KLC ignores post-audit policy during insurance deal

No competitive-bidding process

lblackford@herald-leader.comMarch 24, 2010 

The Kentucky League of Cities has extended a contract with an insurance claims company it has paid at least $6.6 million in the past three years, a company that has also provided numerous benefits to the League's insurance director, including trips to the Caribbean.

The extension with Collins and Co. was signed by KLC's insurance arm less than a month after state Auditor Crit Luallen strongly recommended the League require competitive bidding on contracts and eliminate conflicts. It contradicts KLC policies adopted after the audit that require purchases over $5,000 to have "three competitive quotes for comparison."

Collins and Co. also continues to rent space on a month-to-month basis from KLC Insurance Services Director William Hamilton in Georgetown. The state audit found that the relationship between Hamilton and James Johnston, Collins' CEO, and between the two companies was fraught with conflicts of interest.

Luallen called the move "disappointing."

"As our audit points out, the contract in question was originally awarded without a competitive selection process and (with) personal conflicts of interest between the vendor and key KLC management staff," Luallen said. "We recommend in the audit competitive proposals be required."

KLC spokeswoman Terri Johnson said that the KLCIS board had told Collins and Co. in September to vacate the Georgetown premises in one year's time, and that they expected to have found new space well before that deadline.

James Johnston did not return calls for comment.

Luallen's audit followed stories in the Herald-Leader about high salaries and expense accounts at the league. KLC Executive Director Sylvia Lovely resigned last summer.

The contract extension, signed Jan. 12, guarantees payments of $156,646 a month to Collins to administer all third-party claims for the KLC's insurance arm, which provides property and liability insurance to cities around Kentucky. The contract was obtained by the Herald-Leader through the state's Open Records Law.

Johnson said the new contract was signed to include the recent addition of the Kentucky School Boards Insurance Trust, which is now being operated by KLC. The original contract was signed in 2006 — at the recommendation of Hamilton — without competitive bidding. It was for three years with an automatic one-year rollover provision.

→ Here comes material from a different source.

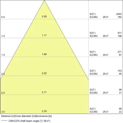De gradenbundel geeft informatie over hoe breed het licht wordt uitgestraald. Dit zit tussen de 0 en 360 graden (D). Hoe kleiner de hoek, hoe specifieker de lichtbundel is. Over het algemeen is een smalle gradenbundel perfect voor sfeer- of accentverlichting, terwijl een brede gradenbundel ideaal is om grote oppervlaktes te verlichten.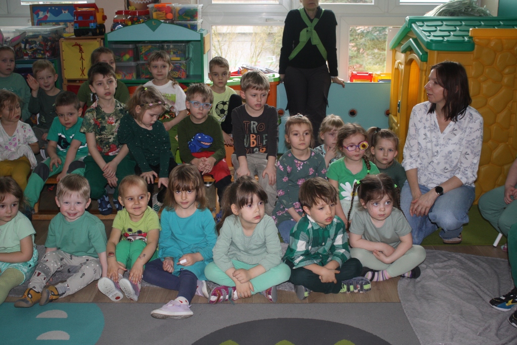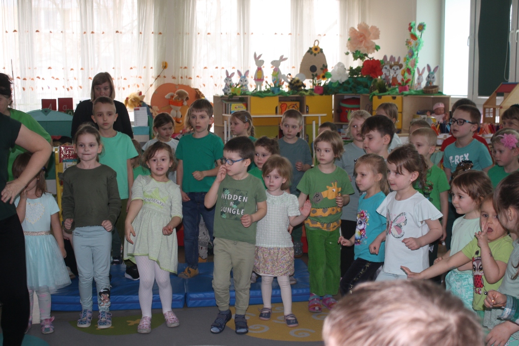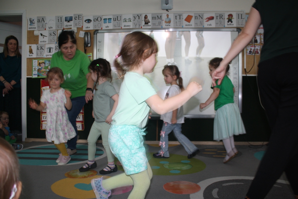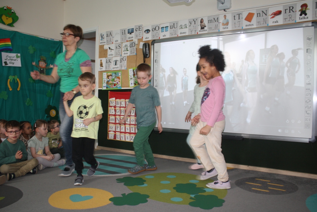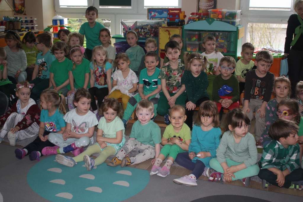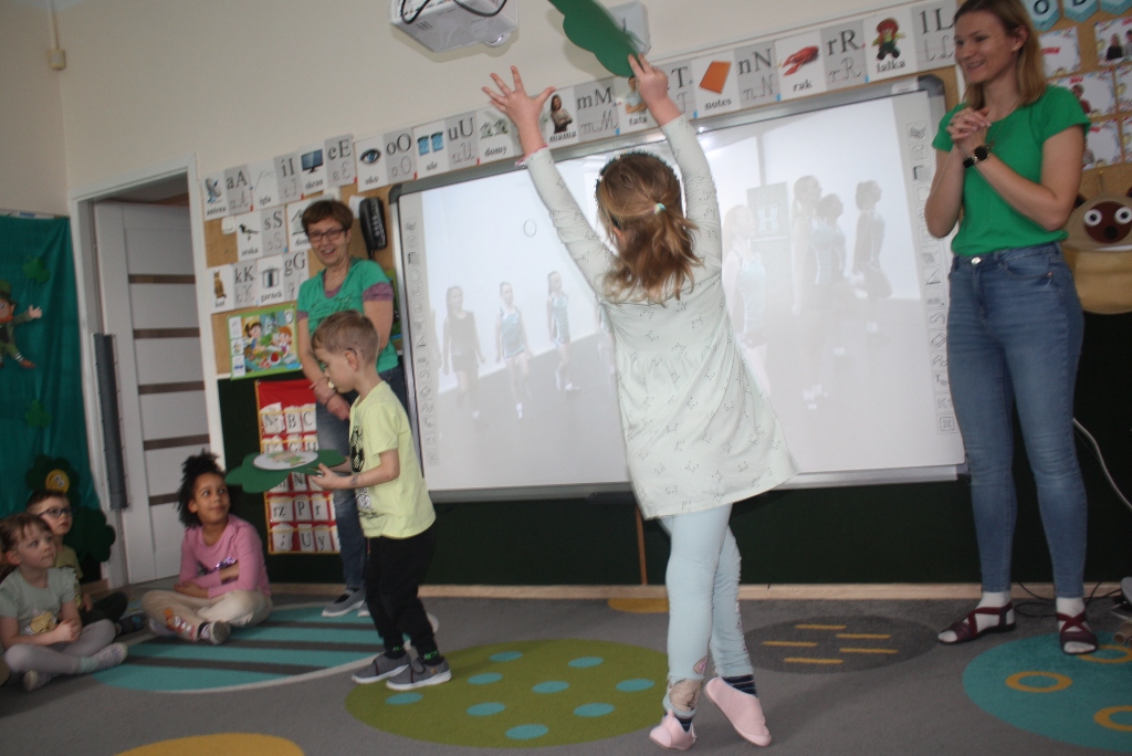 Dzień Św. Patryka w przedszkolu to radosna, zielona impreza celebrująca irlandzką kulturę. Dzieci poznały legendę o św. Patryku, a także dowiedziały się, co czeka na nas po drugiej stronie tęczy. Były tańce, zagadki i konkurencje, w których oczywiście dominował kolor zielony. Każdy znalazł też złotą monetę, która ukryła się w wielkim garncu skrzata Leperchauna.

"Given the quick turnaround of assuming the KSBIT business, both boards felt it was prudent to maintain the continuity of Collins' claims expertise," Johnson said in a statement. "It would not have made sense to bring in a large new line of business and change claims carriers at the same time."

However, Johnson said, the league's insurance board told its staff to develop a request for proposal for an independent auditor to review all insurance claims, including Collins' service. Johnson said the league's executive board still has to approve the new policy that requires competitive bids.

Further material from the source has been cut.